Astoundingly, L. Ron Hubbard, the late Scientology founder for whom Farrakhan has nothing by praise, reportedly was a notorious racist who supported South African apartheid and described black Africans as barbarous, savage and primitive, and once allegedly wrote his wife, “You shouldn’t be scrubbing the floor on your hands and knees. Get yourself a n-----; that’s what they’re born for.”
Somehow, Farrakhan is tuning this out – along with the fact that Hubbard himself was white, which should be an insurmountable problem in itself. Central to NOI theology is the idea that whites are devils, created 6,000 years ago by an evil scientist for the sole purpose of oppressing blacks. They are seen by NOI members as so inherently evil that they cannot be redeemed unless they commit “mental suicide” and “erase the mentality of white supremacy,” according to scholar Mattias Gardell, author of the 1996 book, In the Name of Elijah Muhammad: Louis Farrakhan and the Nation of Islam.
Farrakhan, who in the past has suggested that no whites will survive the end times, now seems to be sold on the idea that Scientology is the means by which this can be accomplished. “All white people should flock to L. Ron Hubbard. You can still be a Christian; you just won’t be a devil Christian. You’ll still be a Jew, but you won’t be a satanic Jew. L. Ron Hubbard’s effort was and is to civilize white people and make them better human beings,” Farrakhan said in his Saviour’s Day speech this winter. “Mr. Hubbard recognized that his people had to be civilized. He never wanted to continue this world nor was he trying to save this world. He was trying to prepare a people to build a brand new world and a brand new civilization.”
That’s one way of putting it. Though COS members are strongly discouraged from researching their church’s complete theology before they are “clear” enough to take in the truth about mankind’s origins, Scientology’s once closely-guarded creation myth is readily available all over the Internet.

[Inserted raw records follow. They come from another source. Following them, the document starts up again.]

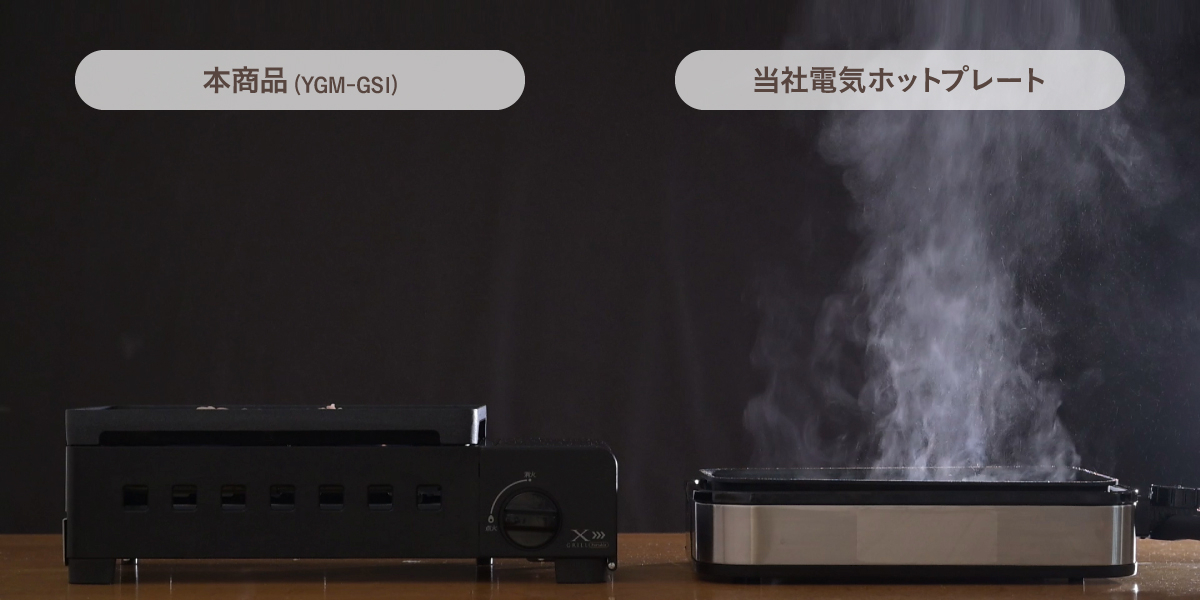 プレートの裏面を立体的な“X”の形状にした独自の“Xカット構造”で、油を効率的に下へ落とし、焼き肉の際に出る煙を抑えます。煙を約55%(※)カットするため、お部屋の煙を気にせずご自宅での焼き肉を満喫できます。
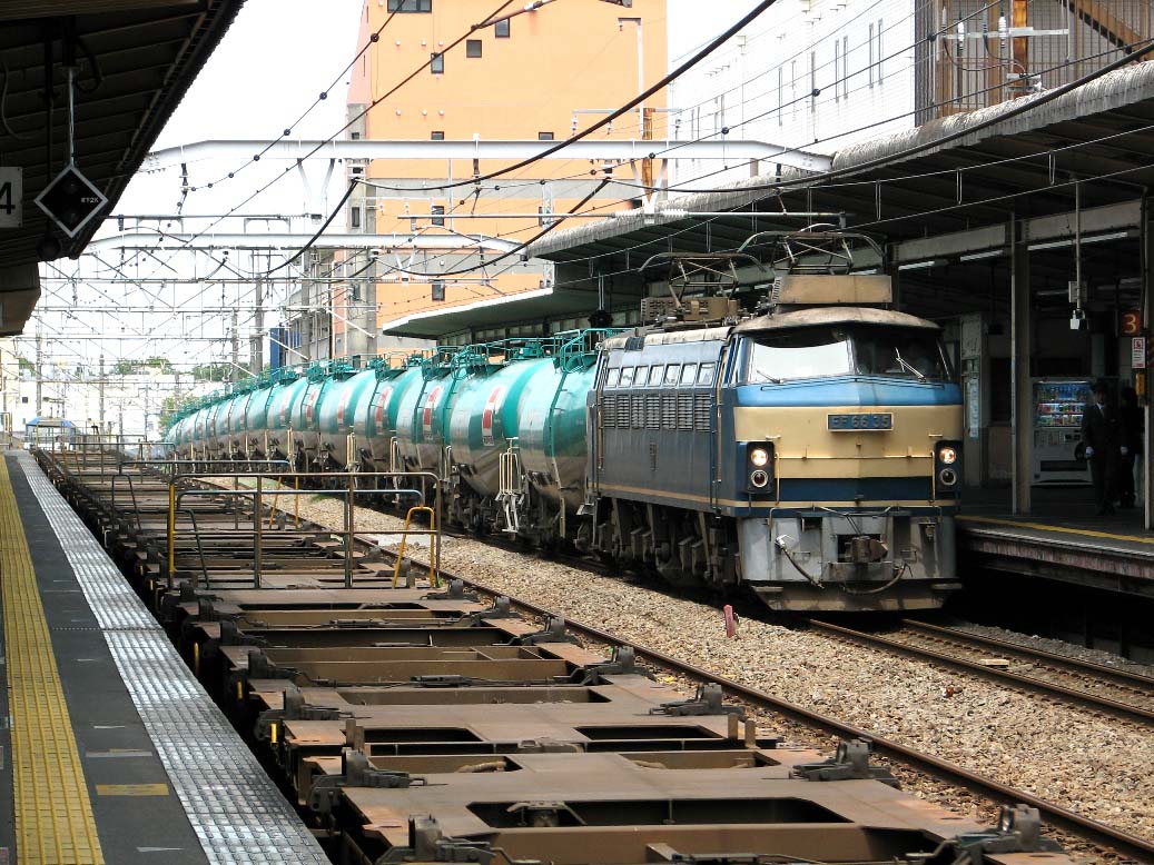 国鉄 直流型電気機関車:EF6635EF66シリーズで、35号機です。平成22年5月18日 西国分寺駅にて現場仕事のお昼の移動途中、空いた時間を利用して西国分寺駅に寄った時のものです。列車ダイヤを全く知らなかったのですが、着いてすぐに接近放送が入り「ラッキー」。と思ったのも束の間、無情にも手前番線に接近放送が・・・完全にカブられてしまいました。でも、反対から現れたEF66が見えます・・・隠れません。なんと、手前の列車は長大編成ながらも、コンテナが1個も載っていなかったのです。だから、フツーにEF66の牽引するタンカー列車が撮れてしまいました。この列車が来ることも、このスジがEF66であることも、タンカー列車であることも、カブられることも、手前の列車がカラだったことも、すべての偶然が重なった不思議な絵になりました。35号機は、2013年度に除籍になったそうです。
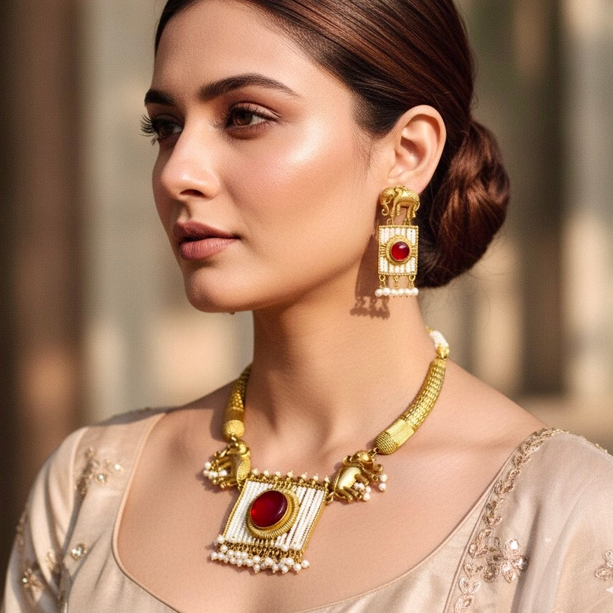 Gaj Pearl Necklace features stones set in an antique gold finish—ideal for festivals, parties, ethnic celebrations.
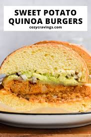 Recipe sweet potato quinoa burger. Place sweet potato spring onion lemon zest garlic ginger egg yolk and seasoning in a food processor and blend until smooth. In a bowl combine the mashed sweet potato cooked quinoa chopped kale dried thyme and garlic. Add the flesh to the bowl of a food processor.
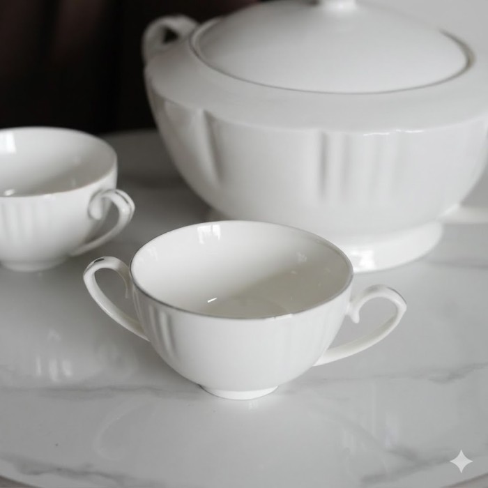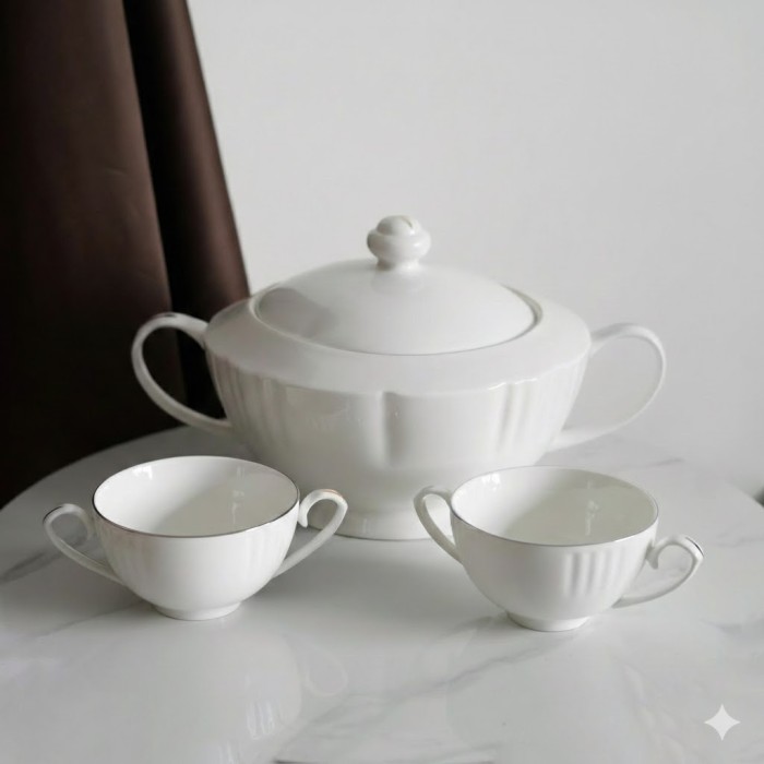طقم شوربة 8 قطع فضي – صوفيا 9259645 هو طقم تقديم أنيق ومتكامل مثالي لتقديم الشوربة والمأكولات الساخنة بطريقة راقية على مائدة الطعام. يتكون الطقم عادة من 8 قطع تشمل أوعية شوربة (مثل المجات والصحن الرئيسي) وقد يضم حامل أوستاند للمظهر المتناسق والتنظيم الجميل على الطاولة.
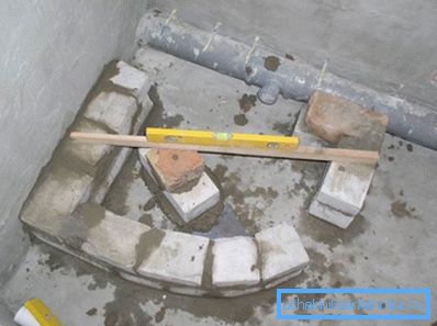 Wie bereits erwähnt, wird eine keramische Duschkabine mit einer hohen Schale 100x90 nicht auf einem Metallrahmen montiert, sondern auf einem speziell vorbereiteten Ziegel- oder Betonsockel.
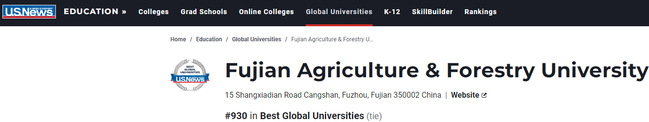 10月25日,US News发布2023世界大学排行榜,涉及85个国家,超过40个学术专业领域。中国共有382所高校入围US News2023世界大学排行榜,其中内地高校338所。我校位居世界第930名,中国内地第96名,中国内地农林类高校第7名,省内高校第3名。

As reported in a 2011 New Yorker article, Scientologists are taught that, 75 million years ago, an evil alien galactic overlord named Xenu, concerned about overpopulation, transported billions of “surplus” beings to Earth in spaceships resembling airplanes and stacked them around volcanoes. Hydrogen bombs were then set off inside the volcanoes, scattering their souls into the atmosphere. These tormented souls – “thetans,” in Scientology-speak – supposedly cluster around human beings, causing physical and emotional problems. Auditing is meant to “clear” people of these extra thetans and their negative energy and allow them to gain full control of their own thetan. Once entirely clear, people can become “Operating Thetans,” working towards reclamation of a godlike original status in which they can manipulate reality through the sheer force of will.

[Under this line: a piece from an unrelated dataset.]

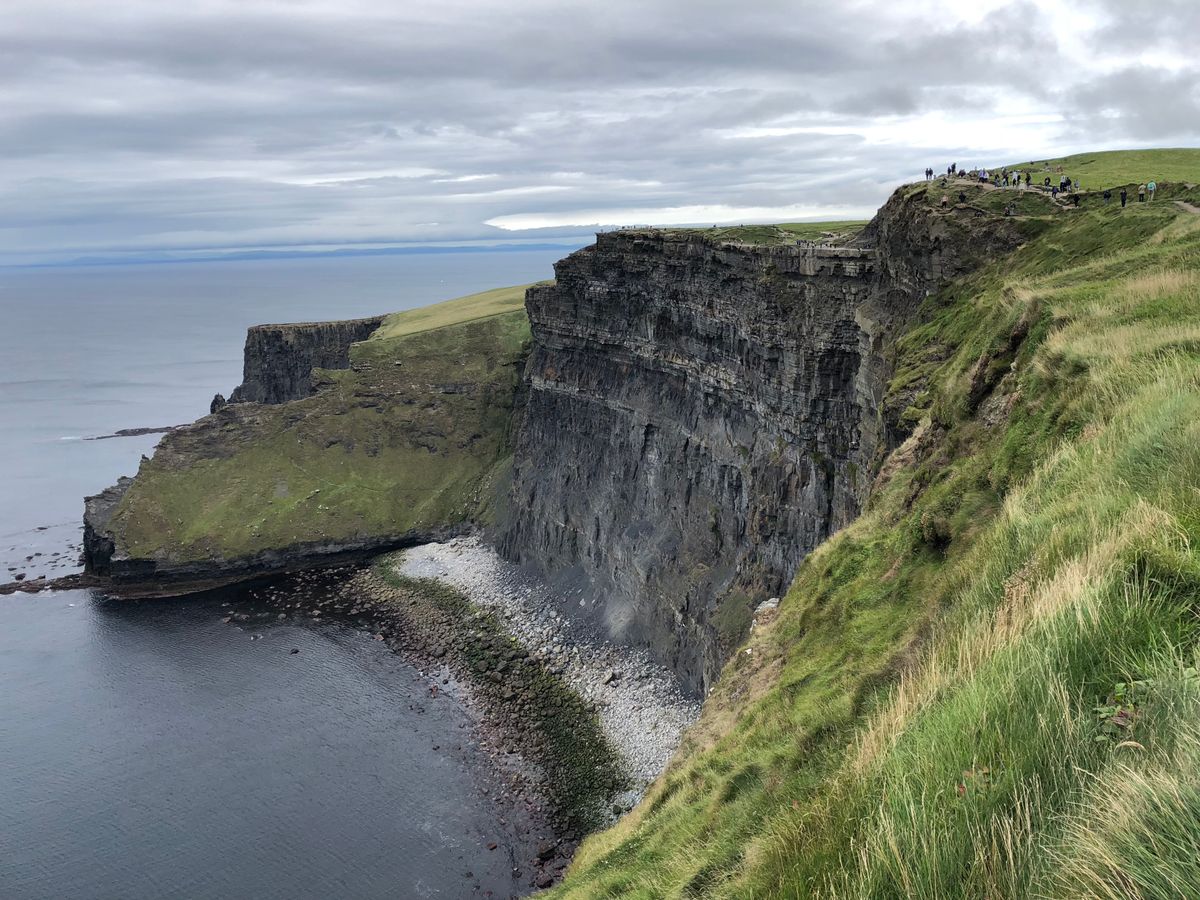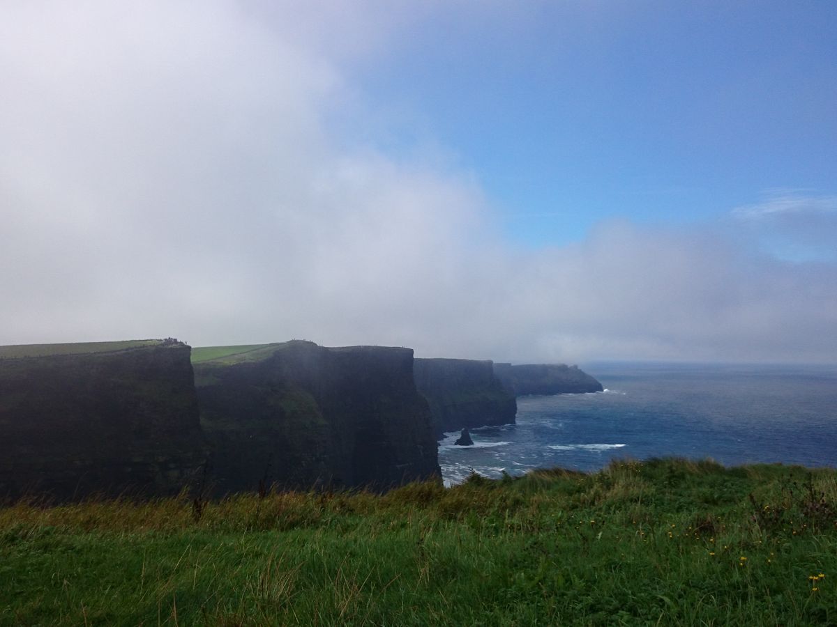 参加した日はとてもいい天気だったのですが、モハーに着いたとたん雨が降り出してバスに戻るころにはヒョウが降ってびしょ濡れになってしまいました。。かなり天気がかわりやすい場所のようです。ですが断崖は絶景でした!道中バスから見れる海の景色も最高にキレイで、ダブリンだけでは味わえないアイルランドの大自然を満喫できたので参加してよかったと思います。
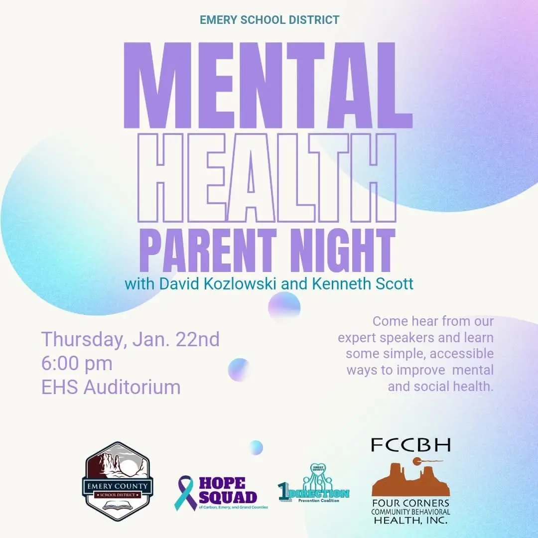 The 1Direction Prevention Coalition and the Hope Squad of Carbon, Emery, and Grand Counties are excited to once again help sponsor the guest speakers for this event and collaborate with the Emery County School District to support youth and family mental health.

Among Scientologists, Hubbard is considered immortal. As a matter of public record, he died from a stroke in 1986. But, according to his successor, David Miscavige, Hubbard simply reached such a high state of self-control that he was able to simply “drop his body” and moved onto a new and higher level.

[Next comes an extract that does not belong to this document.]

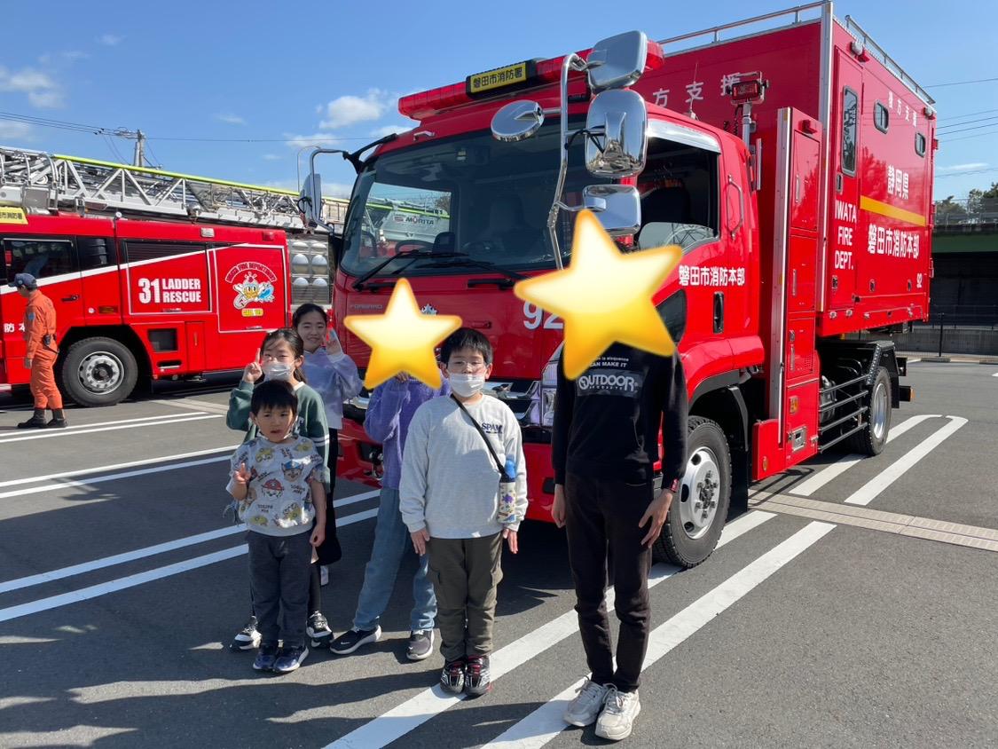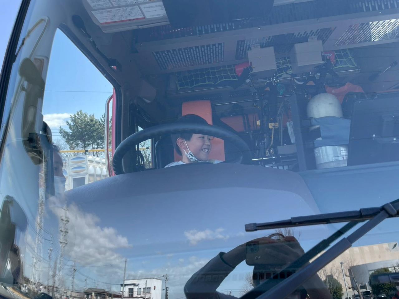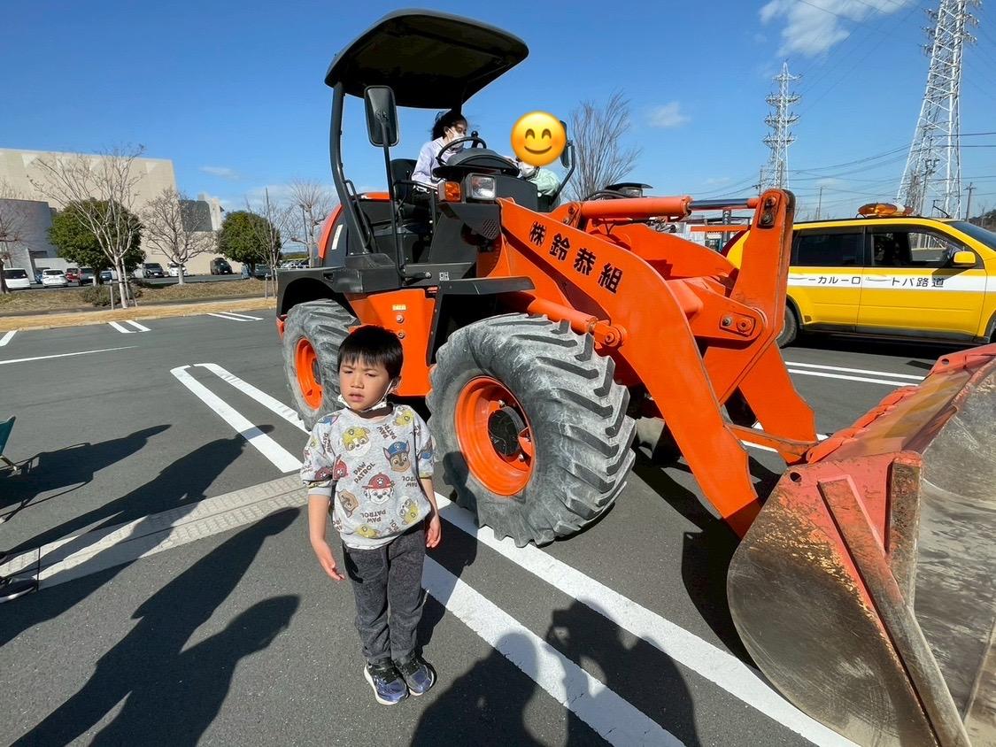 消防車だけでなく、ホイールローダーなど工事現場のはたらく車もいて大興奮な様子でした(✳︎´∨︎`✳︎)

This idea flatly contradicts NOI’s own creation story, of course, which holds that God is a black man who returned to Earth in the form of a man named Fard Muhammad to guide his people back to their original path. Though little is known about him, Fard Muhammad, like Hubbard, was real man. He first surfaced in Detroit in 1930, teaching a completely unorthodox version of Islam in which God, who is black himself, created black men in his image. Fard Muhammad disappeared in 1934, leaving behind a large congregation in Chicago, which is still NOI’s base. Elijah Muhammad – considered to be a prophet in his own right – took control of the church, telling NOI members that their leader had shed his earthly form and returned to his heavenly dominion. On his death in 1975, Elijah Muhammad supposedly ascended to the Mother Wheel, where Farrakhan claims to have spoken with him in 1985.